▶ ASSIGNMENT: Required from the data below: the exact lines starting at the line containing "11月23日,我校与山东美术" and ending at the line containing "河北省张家口市桥西区2022", with both ends kept and all pictures dropped.

▶ SUPPLIED RECORDS:

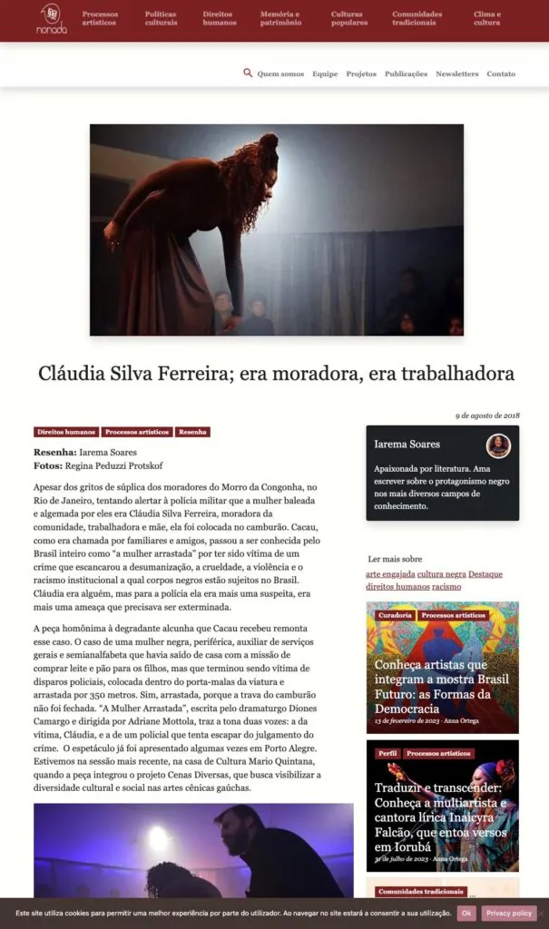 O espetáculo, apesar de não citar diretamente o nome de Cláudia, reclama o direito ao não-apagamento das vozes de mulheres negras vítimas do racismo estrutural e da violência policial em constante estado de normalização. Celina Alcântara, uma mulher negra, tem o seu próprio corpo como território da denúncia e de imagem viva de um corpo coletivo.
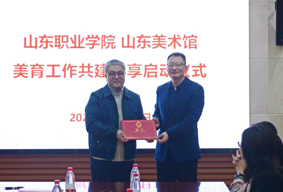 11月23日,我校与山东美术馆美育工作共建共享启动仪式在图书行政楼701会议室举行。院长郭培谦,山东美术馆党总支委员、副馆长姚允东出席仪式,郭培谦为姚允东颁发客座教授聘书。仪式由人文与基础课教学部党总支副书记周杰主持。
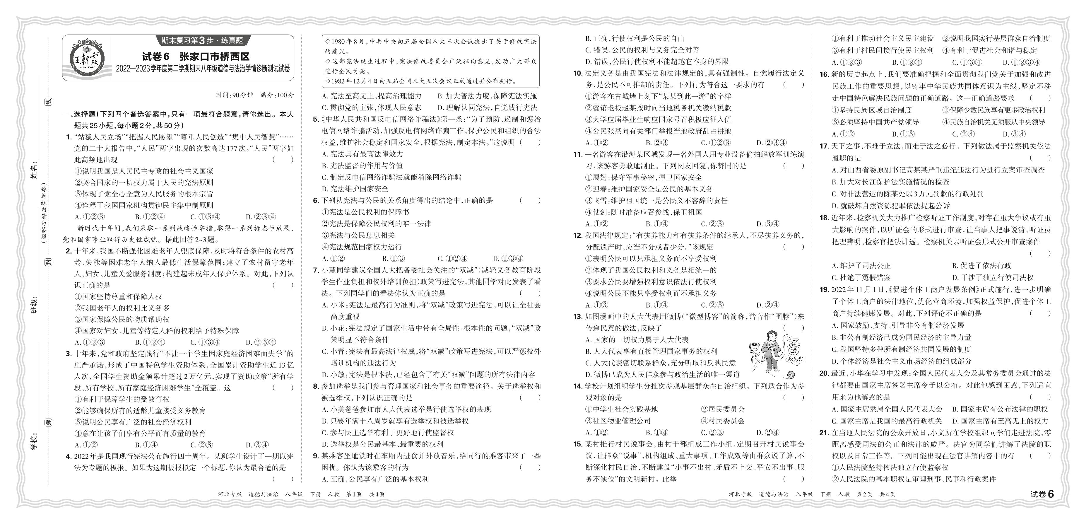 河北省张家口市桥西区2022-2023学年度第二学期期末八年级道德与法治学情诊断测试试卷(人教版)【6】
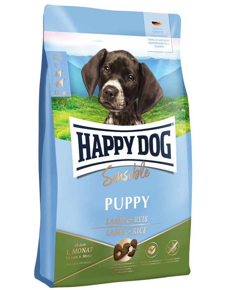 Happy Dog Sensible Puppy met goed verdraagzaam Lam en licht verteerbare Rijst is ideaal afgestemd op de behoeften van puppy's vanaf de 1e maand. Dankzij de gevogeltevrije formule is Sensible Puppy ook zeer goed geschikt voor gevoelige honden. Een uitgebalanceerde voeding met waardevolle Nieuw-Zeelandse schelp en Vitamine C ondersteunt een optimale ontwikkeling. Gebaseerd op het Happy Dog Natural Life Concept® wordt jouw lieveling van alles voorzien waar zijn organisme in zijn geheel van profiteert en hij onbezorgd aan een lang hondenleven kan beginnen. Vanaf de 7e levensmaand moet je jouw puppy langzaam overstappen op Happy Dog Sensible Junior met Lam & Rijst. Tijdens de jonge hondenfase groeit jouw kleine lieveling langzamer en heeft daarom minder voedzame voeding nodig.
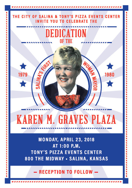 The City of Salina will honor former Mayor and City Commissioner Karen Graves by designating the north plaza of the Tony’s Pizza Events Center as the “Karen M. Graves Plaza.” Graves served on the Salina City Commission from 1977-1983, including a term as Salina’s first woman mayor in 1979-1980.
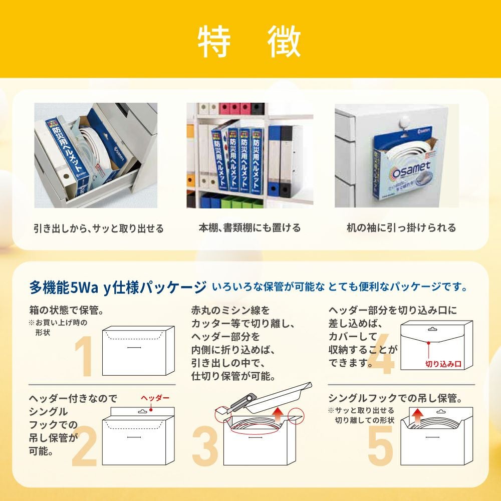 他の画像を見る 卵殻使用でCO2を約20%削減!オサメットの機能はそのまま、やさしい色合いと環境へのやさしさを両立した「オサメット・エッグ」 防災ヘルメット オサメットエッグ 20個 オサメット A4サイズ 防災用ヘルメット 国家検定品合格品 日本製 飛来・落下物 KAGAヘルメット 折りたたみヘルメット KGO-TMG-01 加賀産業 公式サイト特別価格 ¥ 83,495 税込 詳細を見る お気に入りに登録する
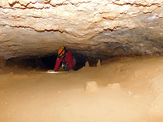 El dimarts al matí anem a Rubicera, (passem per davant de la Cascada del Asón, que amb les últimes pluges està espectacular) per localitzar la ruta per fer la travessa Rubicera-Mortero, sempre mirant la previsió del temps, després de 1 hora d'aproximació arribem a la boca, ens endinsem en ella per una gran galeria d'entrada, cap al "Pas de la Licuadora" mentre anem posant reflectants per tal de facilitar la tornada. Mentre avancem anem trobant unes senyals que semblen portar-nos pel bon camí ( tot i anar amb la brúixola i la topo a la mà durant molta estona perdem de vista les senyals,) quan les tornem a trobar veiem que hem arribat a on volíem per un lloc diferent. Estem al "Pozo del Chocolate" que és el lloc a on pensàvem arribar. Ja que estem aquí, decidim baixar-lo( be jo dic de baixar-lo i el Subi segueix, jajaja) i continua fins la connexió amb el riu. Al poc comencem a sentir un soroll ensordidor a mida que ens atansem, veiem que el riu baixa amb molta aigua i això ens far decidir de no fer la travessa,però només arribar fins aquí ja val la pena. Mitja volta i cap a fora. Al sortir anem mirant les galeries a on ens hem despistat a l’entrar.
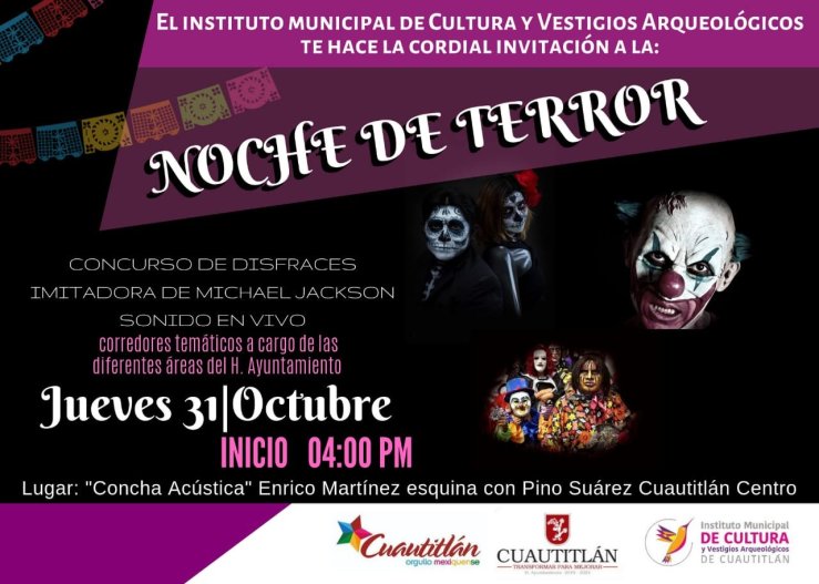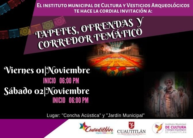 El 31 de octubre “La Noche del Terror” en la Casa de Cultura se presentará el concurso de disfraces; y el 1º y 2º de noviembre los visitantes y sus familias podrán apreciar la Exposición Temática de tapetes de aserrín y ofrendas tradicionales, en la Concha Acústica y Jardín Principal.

--

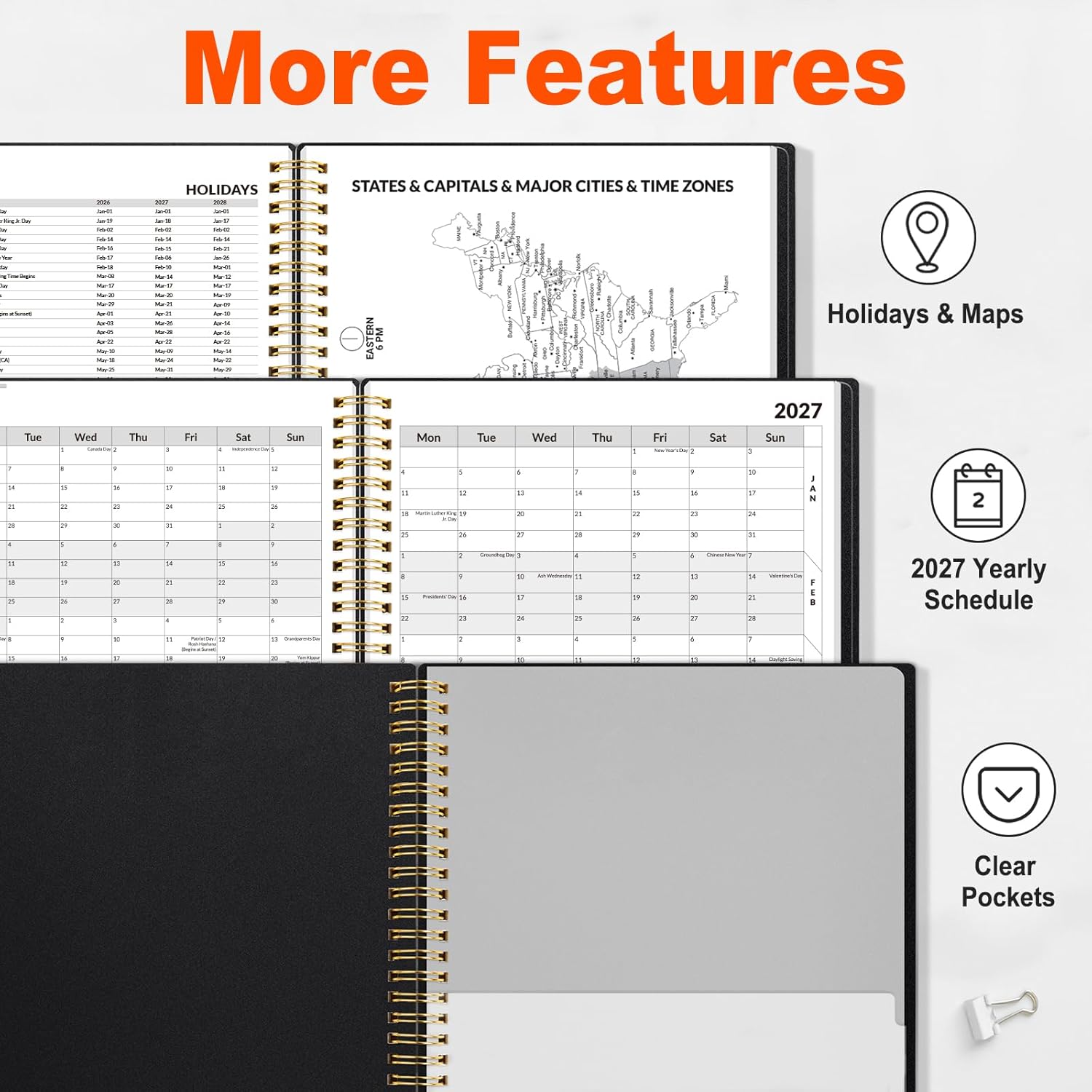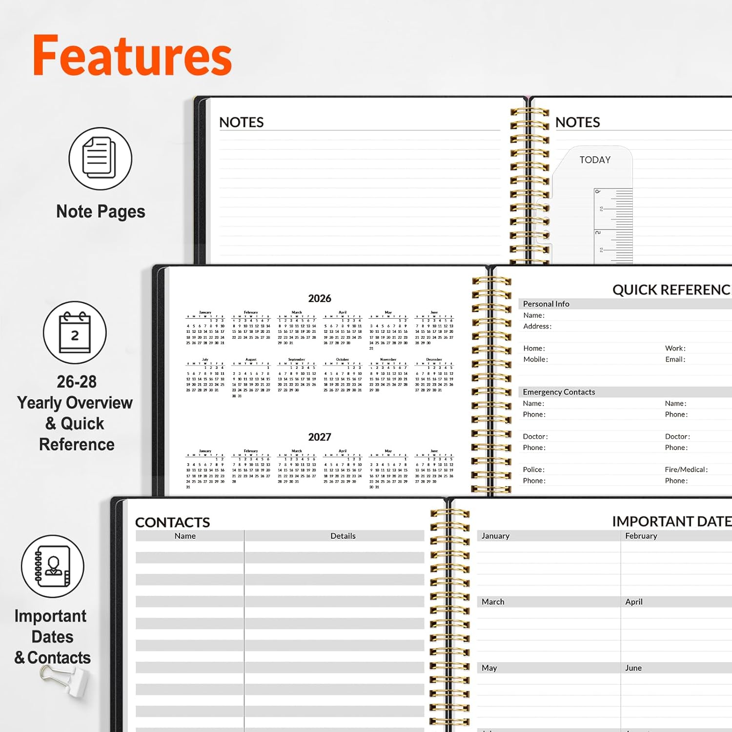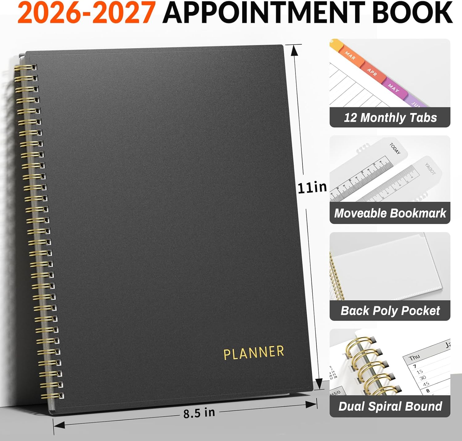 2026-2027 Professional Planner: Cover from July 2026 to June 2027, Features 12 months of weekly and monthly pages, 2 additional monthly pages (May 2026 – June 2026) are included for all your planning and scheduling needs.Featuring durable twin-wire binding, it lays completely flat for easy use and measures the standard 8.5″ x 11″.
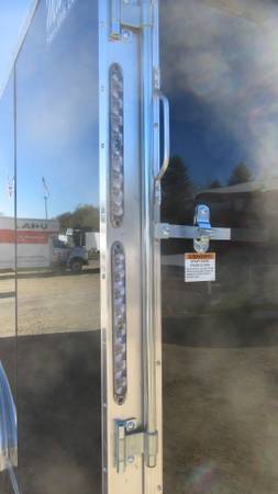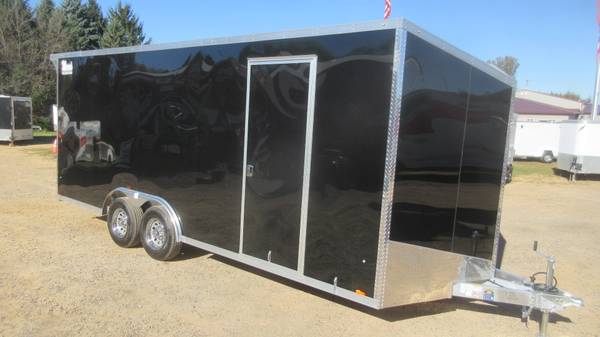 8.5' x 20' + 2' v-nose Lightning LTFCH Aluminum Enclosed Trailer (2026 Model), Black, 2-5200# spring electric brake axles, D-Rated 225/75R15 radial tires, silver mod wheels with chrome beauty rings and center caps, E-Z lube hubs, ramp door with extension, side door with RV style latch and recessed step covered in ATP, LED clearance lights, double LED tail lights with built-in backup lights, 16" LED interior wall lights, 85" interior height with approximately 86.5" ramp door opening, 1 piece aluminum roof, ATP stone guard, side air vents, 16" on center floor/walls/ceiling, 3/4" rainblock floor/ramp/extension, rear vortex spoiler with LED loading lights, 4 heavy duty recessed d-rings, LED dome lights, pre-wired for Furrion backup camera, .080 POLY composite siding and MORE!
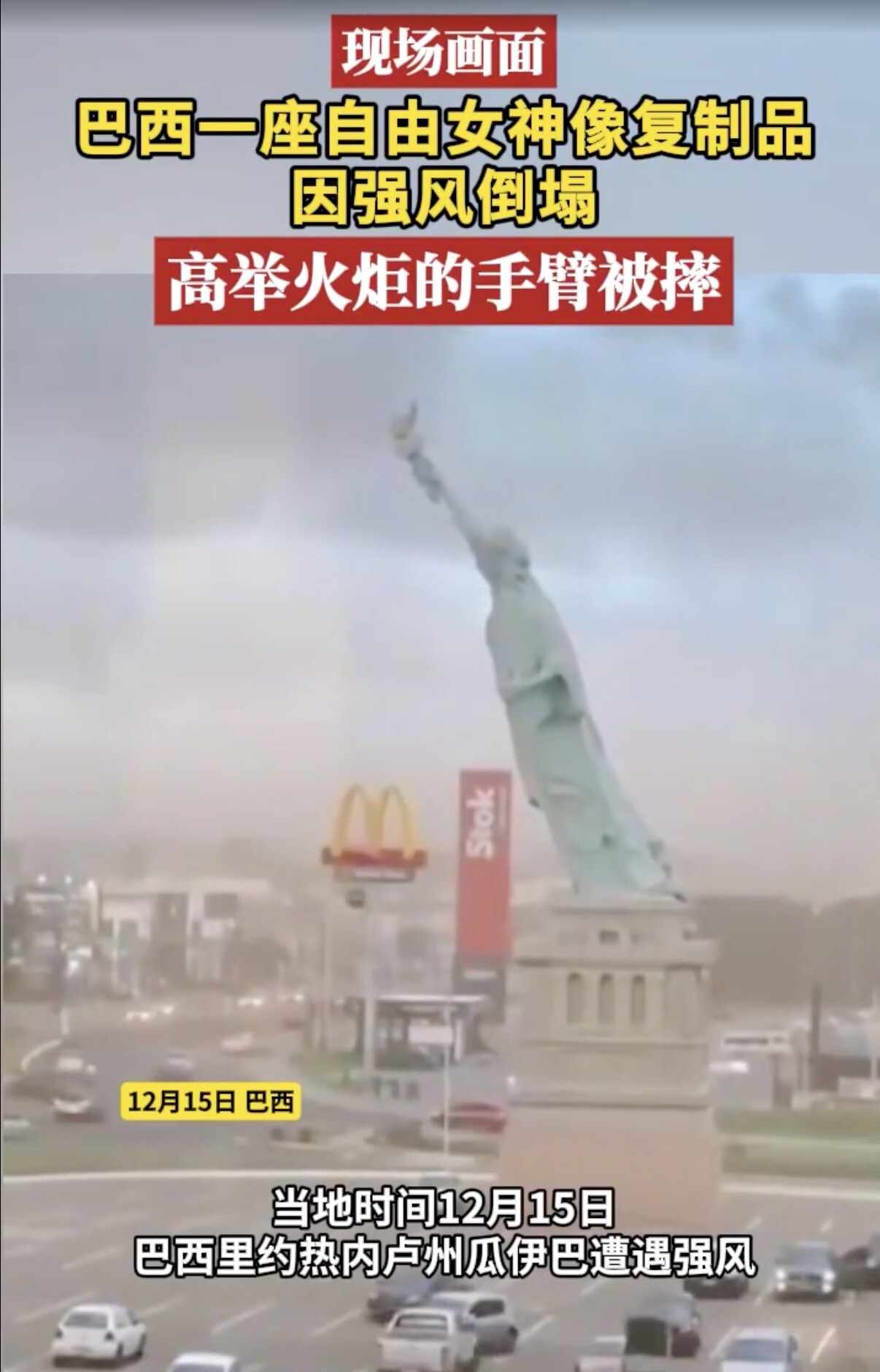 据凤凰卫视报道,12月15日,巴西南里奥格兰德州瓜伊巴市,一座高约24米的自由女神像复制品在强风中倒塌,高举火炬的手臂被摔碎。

---

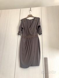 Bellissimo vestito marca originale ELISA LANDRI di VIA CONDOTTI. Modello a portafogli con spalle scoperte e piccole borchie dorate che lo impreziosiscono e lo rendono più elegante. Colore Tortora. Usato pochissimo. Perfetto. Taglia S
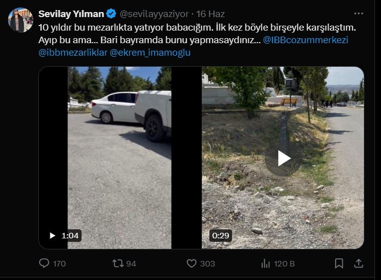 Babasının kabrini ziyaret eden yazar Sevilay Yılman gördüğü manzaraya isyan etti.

▶ SOLUTION:
 11月23日,我校与山东美术馆美育工作共建共享启动仪式在图书行政楼701会议室举行。院长郭培谦,山东美术馆党总支委员、副馆长姚允东出席仪式,郭培谦为姚允东颁发客座教授聘书。仪式由人文与基础课教学部党总支副书记周杰主持。
 河北省张家口市桥西区2022-2023学年度第二学期期末八年级道德与法治学情诊断测试试卷(人教版)【6】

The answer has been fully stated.